I haven’t read your novel, but I can imagine what it’s like.
I think it is an excellent exercise in the use of your imaginations.
I’m pleased with you for writing it.
But now you must begin to look around you here at home.
Use all of your senses to find out what kind of a place you are living in.
Ask yourself how it smells, how it tastes, how it sounds,
as well as how it looks.
Then someday when you wish to write real books,
you will put your real experiences into them.
You will not need to go to imaginary countries half the world away
for your material. Perhaps someday you will even write
about this very year in your lives in Idaho. 180
My friend Noel and I were sitting in her van, waiting for the key to a building. As we chatted, she looked straight ahead and said, “Carol Ryrie Brink grew up in that house. You know the author of Caddie Woodlawn?” My eyes widened as I nodded. At one time I loved Caddie Woodlawn more than Laura Ingalls. “She wrote several adult novels about the early days of Moscow,” Noel continued. “You might like them.” I put the titles on my wishlist and waited. This summer I am on a Carol Ryrie Brink reading streak. Before I began her trilogy about Moscow, ID, I read a little-known children’s book.
Two are Better Than One is a superb story for girls in that delicate time between dolls and bras. Chrystal Reese and Cordelia Lark live a few blocks apart in the early 1900′s. Chrys is alone with her aunt and grandmother in a quiet house. Cordy lives with her dad and mom and four older brothers in a bustling house.
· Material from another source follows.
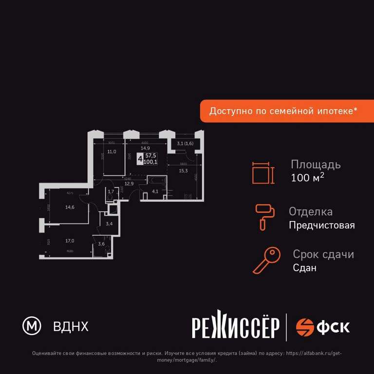 Жилая площадь 57.5 кв. м, кухня 15.3 кв. м, ремонта нет, окна выходят на улицу.

When they aren’t playing with dolls, or going to Dorcas Club meetings, or exclaiming “Swellissimus!”, Chrys and Cordy decide to write a novel—by taking turns writing a chapter— about two dolls: The Romantical Perils of Lester and Lynette. This novel, included in the book with its juvenile spelling and construction gave me the loudest horse laugh:
“Lester!” screamed Lynette, trying hard not to swoon,
“You have come in the very niche of time.” 85
Miss Hickenlooper, a new teacher, is a problem. She doesn’t understand them, even confiscates the miniature dolls. The girls nourish their grievance by writing a hate poem. She discovers the poem, the girls see the hurt they’ve afflicted. This section has stuck with me weeks after I finished the book. Here a few snippets from that scene:
All along they had thought of Miss Hickenlooper as their enemy,
a comical one to be sure, but an enemy nevertheless.
And now she seemed to be not an enemy or even a villain
but just a person who had been mocked and hurt
by a couple of girls. 52
…we didn’t mean it for hate.
We thought it was—well, sort of funny.
It made us feel better.
We didn’t think about how you would feel. 53
The girls go to some parties and begin to neglect the dolls. They serve punch at a college dance. The novel gets finished and Chrys and Cordy decide to stage a wedding for the dolls. This back and forth between the little girl and the almost grown-up mimics the conflict I’ve witnessed in adolescent girls.
As I get to know Carol Ryrie Brink, I see many autobiographical elements in this sweet story of friendship. The dedication is “…for Charlotte. She, better than anyone else, will be able to sift through all the make-believe and find the grains of truth.” Like dear Laura Ingalls, the story of Chrys and Cordy harks back to a time when a girl had to learn how “to keep herself happy and amused.”